1. An advertisement campaign optimization system comprising the following computer executable components:
an acquisition component that receives bids associated with an ad campaign; and
an analyzer component that modifies the bids to maximize the total utility of the campaign within a budget.
2. The system of claim 1, the analyzer component includes a marginal utility component that determines the marginal utility of each keyword or ad.
3. The system of claim 2, the analyzer component includes an optimization component that computes the optimal bid and slot placement of campaign ads based on the marginal utility of each keyword or ad and the campaign budget.
4. The system of claim 1, the analyzer component includes a component that determines the return on investment associated with keywords or ads.
5. The system of claim 4, the analyzer component includes an optimization component that modifies bids in order to equalize the return on investment for campaign keywords or ads and maximize the return on investment for the campaign.
6. The system of claim 5, further comprising an intelligence component that generates values employed by the optimization component including price for keywords at various slots based on past values.
7. The system of claim 1, the analyzer component provides bids to a management component that operates an auction.
8. The system of claim 1, further comprising an interface component that facilitates interaction between the optimization system and a keyword advertising system.

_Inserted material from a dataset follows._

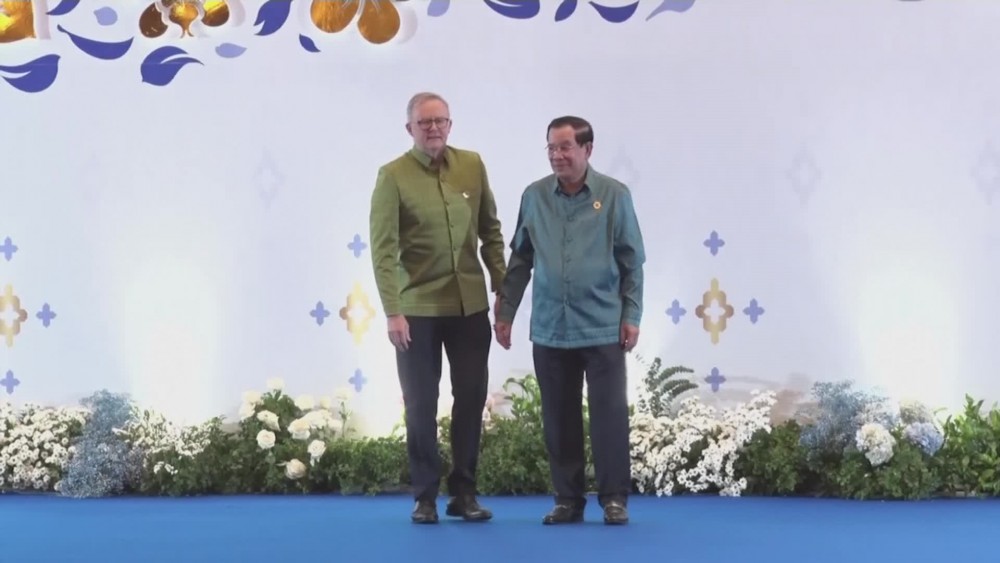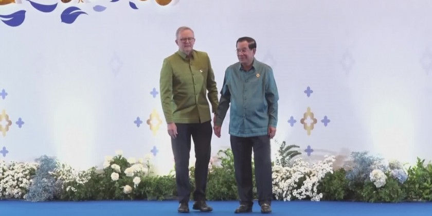 Leaders entered the venue for the dinner one-by-one and were greeted by Cambodian Prime Minister Hun Sen.

9. An online ad campaign bid optimization system comprising:
a computer-implemented means for determining marginal utility to an advertiser for each keyword advertisement in the campaign; and
a computer-implemented means for generating bids that maximize the total utility for a campaign within a given budget.
10. A method of optimizing advertisement biding comprising the following computer executable acts:
computing marginal utility for each keyword in an advertising campaign; and
modifying bids to maximize total utility for the campaign based on a given budget.
11. The method of claim 10, computing marginal utility comprises calculating return on investment by subtracting the keyword cost from total utility derived from the keyword.
12. The method of claim 10, further comprising calculating the total utility for a keyword as U/k*floor(uij*k/U), where U is the maximum utility available from a slot within the budget, k is a large integer, and uij is the marginal utility for a word i at slot j.
13. The method of claim 10, modifying bids comprises decreasing bids on low return keywords and/or increasing bids on high return keywords.
14. The method of claim 13, decreasing the bid enough to obtain a lower ad slot.
15. The method of claim 13, increasing the bid enough to obtain a higher ad slot.
16. The method of claim 10, computing marginal utility comprises determining a ratio of relative worth based on keyword bids.
17. The method of claim 10, computing marginal utility comprises multiplying the bid for a keyword by the click through rate (CTR) for the keyword.
18. The method of claim 10, computing marginal utility comprises determining a ratio of relative worth based on specified maximum bids for keywords.
19. The method of claim 10, further comprising submitting the bids to an ad auction.
20. The method of claim 19, further comprising perturbing the bids slightly by adding or subtracting a small random value prior to selecting the winner of the auction.